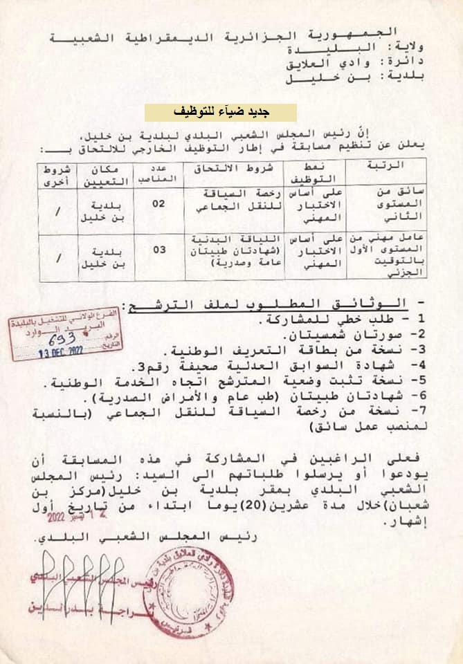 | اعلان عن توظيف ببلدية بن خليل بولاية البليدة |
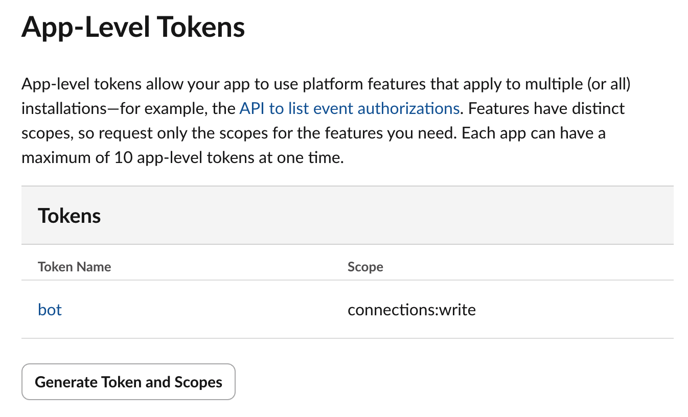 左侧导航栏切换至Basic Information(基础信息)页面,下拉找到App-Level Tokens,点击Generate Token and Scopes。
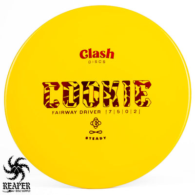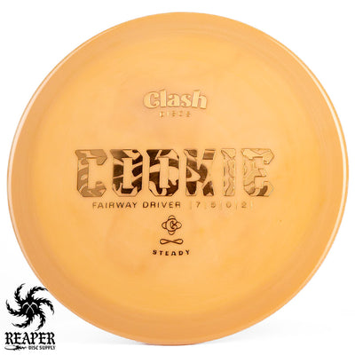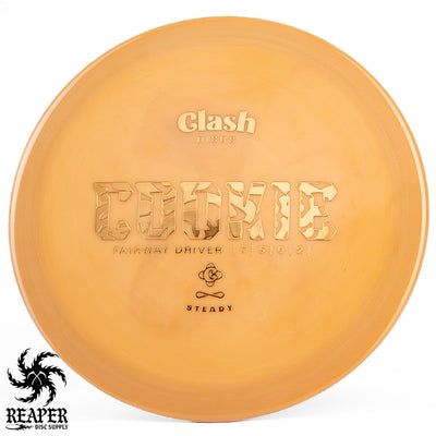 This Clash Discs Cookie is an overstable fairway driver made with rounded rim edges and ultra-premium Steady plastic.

◆ ◆ ◆ ◆ ◆ ◆ ◆

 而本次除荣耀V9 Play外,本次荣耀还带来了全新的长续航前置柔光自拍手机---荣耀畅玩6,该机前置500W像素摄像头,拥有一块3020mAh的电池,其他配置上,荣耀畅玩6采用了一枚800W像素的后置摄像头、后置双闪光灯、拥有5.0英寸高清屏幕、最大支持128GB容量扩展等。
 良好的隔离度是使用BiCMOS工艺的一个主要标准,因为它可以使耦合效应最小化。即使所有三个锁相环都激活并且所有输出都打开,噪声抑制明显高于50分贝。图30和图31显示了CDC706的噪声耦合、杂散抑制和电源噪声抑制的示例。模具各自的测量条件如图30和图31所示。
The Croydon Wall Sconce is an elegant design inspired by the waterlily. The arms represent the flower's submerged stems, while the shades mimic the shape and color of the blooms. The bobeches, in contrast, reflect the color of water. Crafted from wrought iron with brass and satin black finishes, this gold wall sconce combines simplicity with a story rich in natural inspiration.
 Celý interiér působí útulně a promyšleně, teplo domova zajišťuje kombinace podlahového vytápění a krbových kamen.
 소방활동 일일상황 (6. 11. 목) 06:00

◆ ◆ ◆ ◆ ◆ ◆ ◆

### Instructions to follow:
An exact transcription is needed of the lines from the one with "Token and Scopes。" to the one with "This Clash Discs" above, both ends included, with pictures left out.

### Solution to the exercise:
 左侧导航栏切换至Basic Information(基础信息)页面,下拉找到App-Level Tokens,点击Generate Token and Scopes。
 This Clash Discs Cookie is an overstable fairway driver made with rounded rim edges and ultra-premium Steady plastic.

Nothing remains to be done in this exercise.